Four years ago my friends and I went to see Neil Gaiman speak at a local high school. He was charming, funny, and erudite, as I expected him to be, and as he continues to be on Twitter (1.7 million followers! What!). He showed us a sneak preview of the film adaptation of his children’s novel Coraline (a totally enchanting movie if you haven’t seen it). He read from his newest children’s novel, The Graveyard Book. I bought a signed copy.

neil gaiman, author, american gods, fiction, novel

Neil Gaiman looking erudite.

Neil Gaiman is British, but lives in Minnesota, of all places– not New York or Los Angeles, but Minnesota. To me, that means he must know, and maybe love, America, because Minnesota is too remote and not-Britain to be ambivalent about. It’s the American heartland forgoodnesssake. I’ve always found that interesting, and American Gods, I feel, gives me a little more insight into how that residential paradox works.

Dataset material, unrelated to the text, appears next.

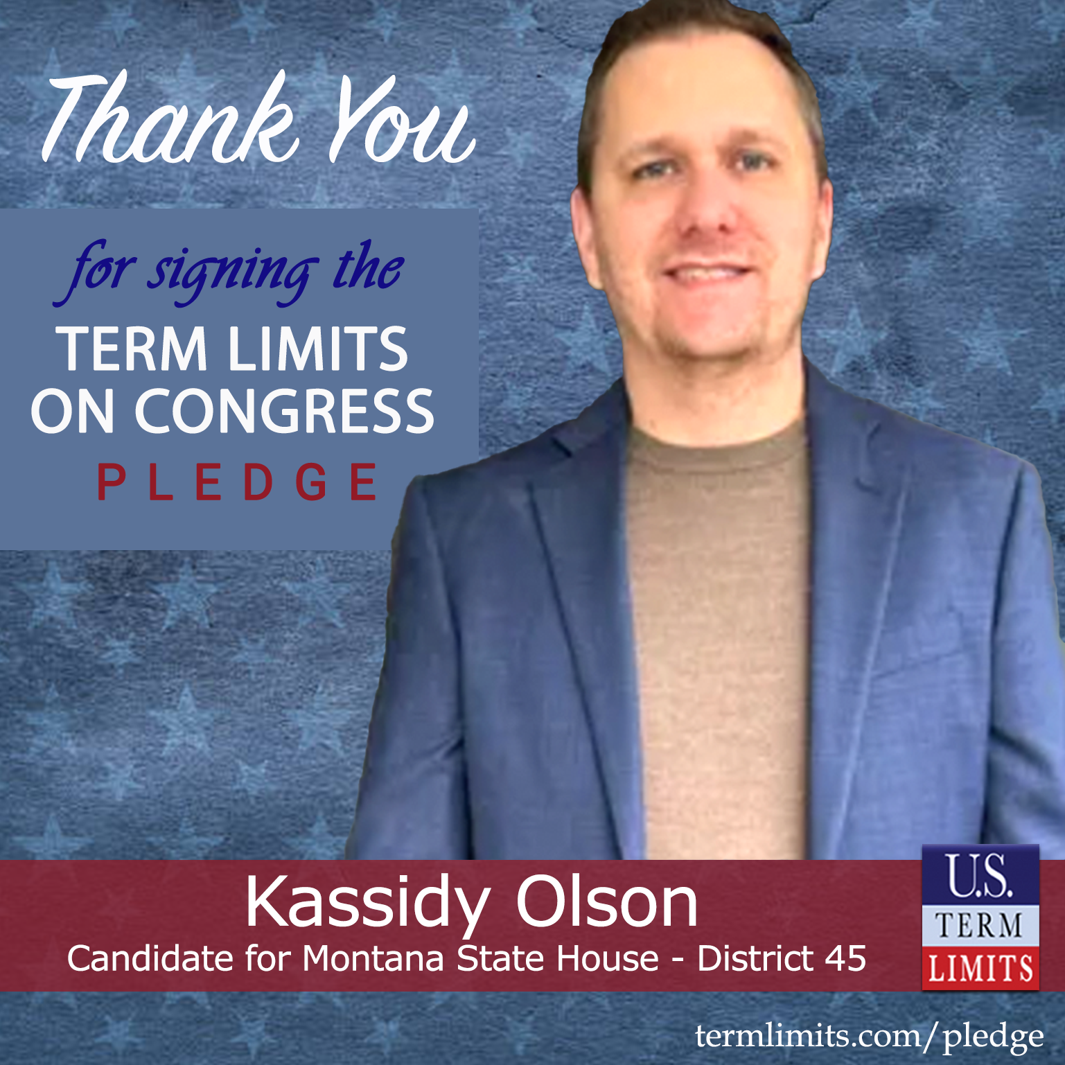 Montana’s state chair for U.S. Term Limits, Ed Walker, commented on Olson’s pledge saying, “Term limits is critical for the future of our country. I am glad Kassidy has signed the pledge in supporting term limits on Congress. It shows that he understands the importance of the vision of our founding fathers and fixing DC. “

American Gods is kind of a slow burn of a novel. I actually bought it for my boyfriend, on one of my first trips to Borderlands in the Mission (a totally enchanting sci-fi/fantasy bookstore on Valencia if you haven’t been there), because I knew he’d been wanting to read it. He started it, never finished it, said nothing was happening. It’s true that most of the story feels like a preparation for some big event (a war between the gods, incidentally), but after you stop waiting for the war to start, I think you can appreciate the burning.

american gods, neil gaiman, novel, fiction, literature

Things you can tell from the cover: That the book’s about gods, that a storm is coming.

Our hero is named Shadow, and he’s just gotten out of prison. There’s something special about Shadow that, being inside his head most of the time, we never completely understand. He doesn’t talk much, he doesn’t moralize much, he’s good in a fight and he accepts jobs from strange, potentially sinister men that he’s just met. But we know, from the little choices he makes, that he’s a good person anyway.

Part of Shadow’s disconnectedness from the world is because of the years he spent in prison. Part of it is because, right after he is released, his wife is killed in a car accident along with his best friend, who she had been having an affair with. So he starts his post-prison life in a kind of vacuum. No connections, no home, nothing and no one to care or live for.

He falls into a weird work relationship with a man he meets on the plane home, an older, bearded gentleman by the name of Wednesday. At this point, if you know anything about Norse mythology, you know who the guy’s supposed to be. I mean, the name of the book has gods in it! But while we might know who Wednesday is, we don’t really know what he’s up to—just that it has to do with a war, a coming storm (oldest metaphor in the book, am I right?!? e.g. “there’s a storm coming, Mr. Wayne”), that it’s taking place in America. Also, that it has to do with the gods of the Old World (including the Old New World) and the gods of the millennium (read: technology, drugs, tabloids, etc).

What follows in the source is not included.